Общественная мысль XIX века как бы подтверждает вывод о нашей вековечной отсталости, говоря словами лидера западников П. Чаадаева, нашей неспособности к творческой инициативе, склонности к интеллектуальному иждивенчеству и духовному лакейству. Тот же Чаадаев, в связи с участием иностранных академиков Миллера, Шлецера и Байера в написании нашей истории, сокрушался по поводу того, что «Запад дал нам всю свою историю за историю, все свое будущее за будущее». Лидер противоположного направления, славянофил Константин Аксаков, также констатировал:
«Мы живем выписанными из-за моря мыслями и чувствами… Французов ругаем, да и то по-французски». В 1820 году Васильчиков по заданию императора Александра I написал первую российскую конституцию. На французском (!?). Стоит ли удивляться, что «идеология – статья импорта в Романовской России» (Дм. Писарев), даже вера – и та греческая.
Следствие же – «принижение умственного начала в русской жизни» (В. Соловьев) и нездоровый социальный климат. «Наш человек до 30-ти лет радикал, а после 30-ти – каналья» (Ф. Кони). «Он предан власти из любви к лихоимству» (А. Герцен), легко меняет равенство без свободы на свободу без равенства. С таким «без палки и немца» не справиться, считали Романовы.
Поскольку «многие годы солнце над Россией вставало на западе», то кто только не учил нас жить, прописавшись в наших умах почти на 200 лет: от Вольтера и Дидро до Гегеля и Маркса? Станкевич восклицал, что покончит самоубийством, если не найдет у Гегеля смысл своей жизни. «Гегель – мой Бог, а Германия – Иерусалим новейшего времени», – признавался В. Белинский, пока не появился Карл Маркс – новый Бог. Все философы серебряного века переболели Марксом. А после Октября 1917-го вся духовная жизнь народа была посажена на строгий ошейник марксизма.

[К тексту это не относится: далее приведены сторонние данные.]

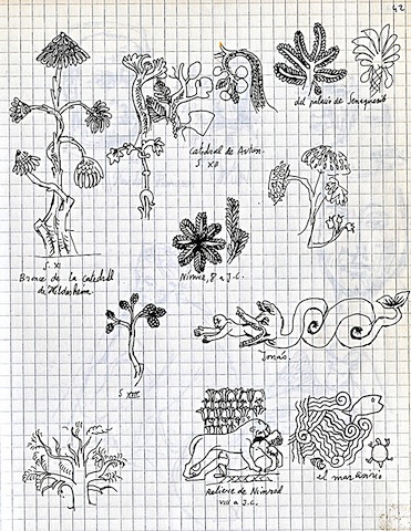 Dibujos en el cuaderno 1 de Francisco Meléndez sobre imágenes de relieves asirios, paleocristianos y románicos. |

Кажется, не о чем спорить. Развитие общественной мысли в XIX-ом и даже XX-ом веке как бы подтверждает мысль Гегеля о том, что «славяне обречены на духовное рабство от немцев».
Не отсюда ли, не из этой ли истории происходит практика управления страной как вражеской захваченной территорией, особенно в переходные периоды? Хотите реформы? – Получите опричнину.
Но не все так просто, особенно если это касается истории. Тот же Гегель не всегда прав. Его «Философия истории», как и «История философии», – слабые работы. Да и на основном поприще раскрылся не сразу, закончив Тюбингенский университет с характеристикой: «Вполне может быть назван идиотом в философии».